Question

List various exceptional conditions that have occurred throughout this text. List as many additional exceptional conditions as you can. For each of these exceptions, describe briefly how a program typically would handle the exception, using the exception-handling techniques discussed in this chapter. Some typical exceptions are division by zero, arithmetic overflow, array subscript out of bounds, exhaustion of the free store, etc.

Short answer

To manage exceptions like division by zero, overflow, out-of-bounds errors, and memory exhaustion, use try-catch blocks to handle errors gracefully.

Step-by-step solution

Identify Division by Zero Exception

Division by zero is an arithmetic operation where a number is divided by zero, resulting in an undefined value. In a programming context, dividing a number by zero typically results in a runtime error. To handle this exception, many programs use a try-catch block where the division operation is wrapped in a try block, and any division by zero is caught in the catch block. The program can then display an error message or assign a default value.

Tackle Arithmetic Overflow Exception

Arithmetic overflow occurs when a calculation exceeds the maximum value a variable can store. To handle overflow, most programming languages offer specific exceptions that can be caught, such as an `OverflowException` in C#. The program can attempt to handle overflow by using larger data types or by encapsulating the arithmetic operation in a try-catch block and providing a meaningful error message.

Manage Array Subscript Out of Bounds

An array subscript out of bounds occurs when a program tries to access an array element with an index greater than the array's size. To handle this exception, you can use bounds-checking methods provided by the language or manually check if an index is within the valid range before accessing the array. If an invalid index is detected, a try-catch block can be used to catch the exception and handle it appropriately.

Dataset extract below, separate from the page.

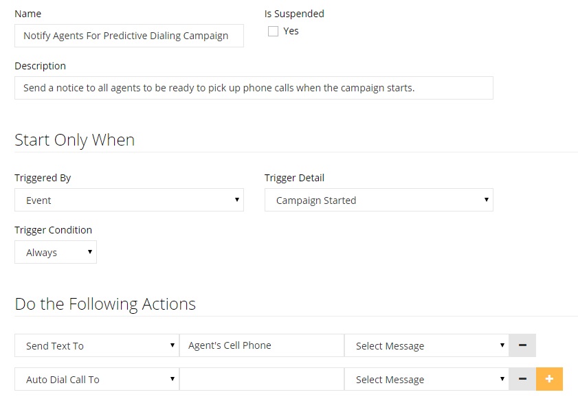 Easily create and add triggers to bolster your organization's efficiency and productivity. For example, when starting a predictive dialing campaign, you can send an alert out to all agents to make sure they are ready to pick up live calls. Triggers can also be set to act on web forms for the client, and send them a welcome email while notifying an agent to call the client.
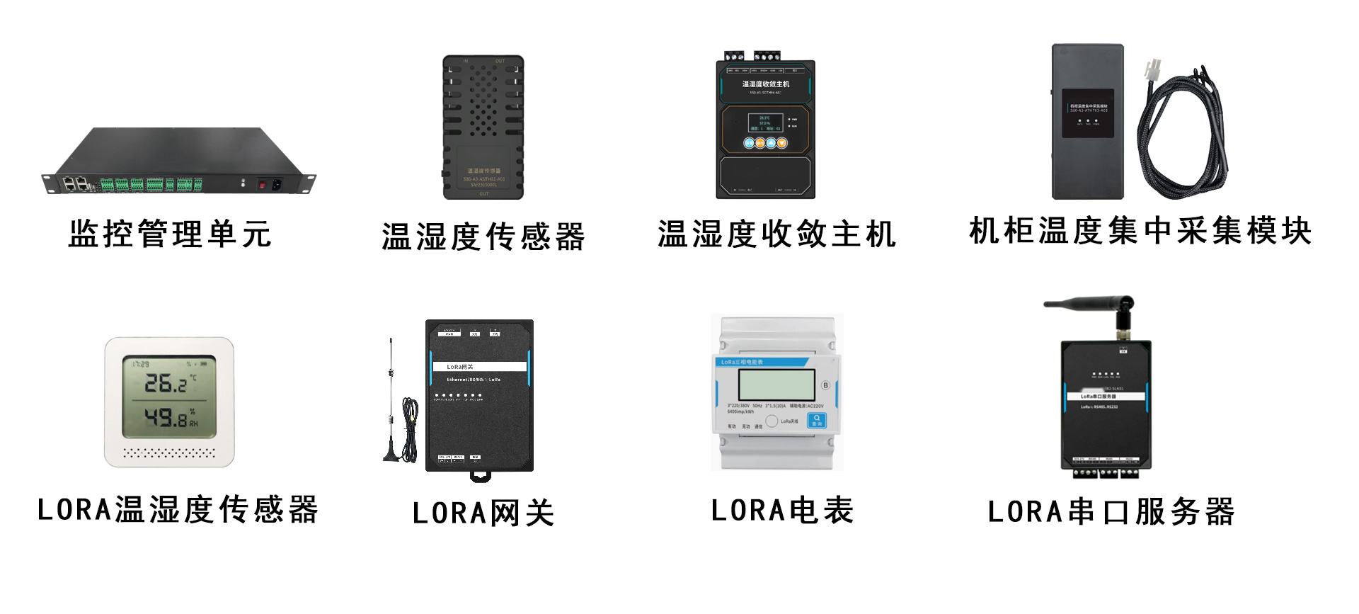 該系統設備由:監控管理單元、溫濕度傳感器/收斂主機、機柜溫度集中采集模塊、LORA傳感器/網關/電表/串口服務器組成

Resolve Exhaustion of Free Store (Memory)

Memory exhaustion happens when a program tries to allocate more memory than is available in the free store. To handle this situation, most languages allow catching this exception using specific constructs like a `bad_alloc` exception in C++ or an `OutOfMemoryError` in Java. Upon catching the exception, the program can free unnecessary resources or prompt the user to close other applications to free memory.

Detect Input/Output Exceptions

Input/Output exceptions occur during file operations, such as when a file that the program tries to read does not exist. A program can handle such exceptions by using try-catch blocks to catch any IO-related exceptions. Once caught, the program may retry the operation, ask the user for a new file path, or log an error message for further action.

Key concepts

Division by Zero

Division by zero occurs when you attempt to divide a number by zero, which is mathematically undefined. In programming, this often results in a runtime error that can cause your program to crash. To prevent this, programmers typically use exception handling techniques like try-catch blocks.

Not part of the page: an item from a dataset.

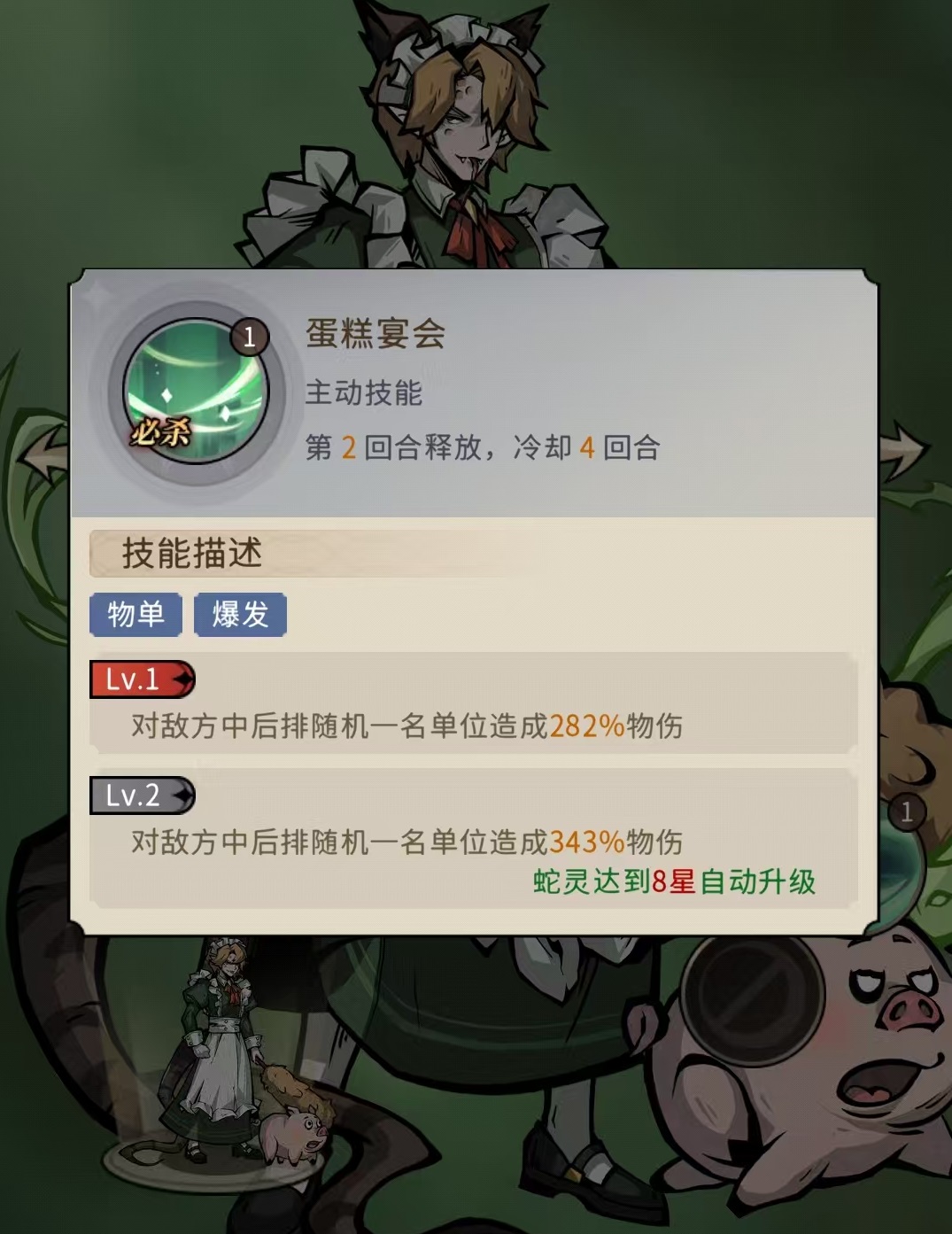 霍恩为史诗品质战士,核心定位为前中期单体高爆发输出。其普攻附带物理伤害,并对敌方后排单位生效;当攻击目标为战士职业或法师职业时,额外提升暴击率。必杀技“蛋糕宴会”可随机选定敌方中排或后排一名单位,施加高额物理伤害。受限于史诗稀有度,仅拥有一个被动技能:最高可提供20%攻击力加成与10%生命值加成。

Within a try-catch block, the operation that might lead to division by zero is placed inside the 'try' block. If the operation attempts to divide by zero, the 'catch' block is triggered.

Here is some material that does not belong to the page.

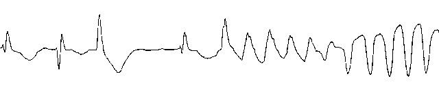 Polymorphous ventricular tachycardia (Torsade de pointes).

• The 'catch' block can handle the error by displaying an error message to the user, which explains what went wrong.
• An alternative might be to set a default return value and allow the program to continue executing safely.

It's important to always validate inputs where division is involved to avoid division by zero at the source. This can mean checking for zero in the divisor and deciding on an appropriate action, such as prompting the user to enter a new number.

Arithmetic Overflow

Arithmetic overflow happens when a calculation produces a result that exceeds the storage capacity of the data type intended to hold it. For instance, adding two large integers may result in a value that cannot be stored in an int variable.

To handle arithmetic overflow, several strategies are possible:

• Use larger data types that can store bigger numbers. For example, using a long instead of an int.
• Implement exception handling through try-catch blocks, specifically catching an ``OverflowException`` in languages like C#.
• In some cases, set or log an overflow flag that can be checked elsewhere in the program to adjust for the overflow condition.

These prevention techniques help maintain the stability of the program by politely managing any unintended large-scale results.

Array Subscript Out of Bounds

An "array subscript out of bounds" error occurs when you try to access an index in an array that does not exist. For example, if an array has ten elements, trying to access the 11th element will trigger this error. This can lead to unpredictable behavior in your program.

To avoid such problems, programmers often use:

• Bounds-checking methods provided by programming languages, which automatically validate index values.
• Manual checks to ensure the index is within valid bounds before accessing the array.

Using these techniques, a program can prevent illegal index access and thus avert potential runtime errors. If an out-of-bounds index is detected, it can be caught in a try-catch block, which can then log a warning and prevent the program from crashing.

Memory Management

Effective memory management is critical to ensure efficient and stable software. Problems such as memory leaks or exhaustion of available memory can lead to crashes or poor performance. Memory exhaustion occurs when a program tries to allocate more memory than is available in system resources.

To handle memory-related exceptions, developers should:

• Use exception handling like C++'s `bad_alloc` to manage situations where memory cannot be allocated.
• Free unused resources where possible, thereby ensuring that memory is available when needed.
• Encourage user actions to close unused applications to free up additional memory, especially in resource-constrained environments.

By employing these techniques, programs can maintain efficiency and gracefully handle cases where memory is limited.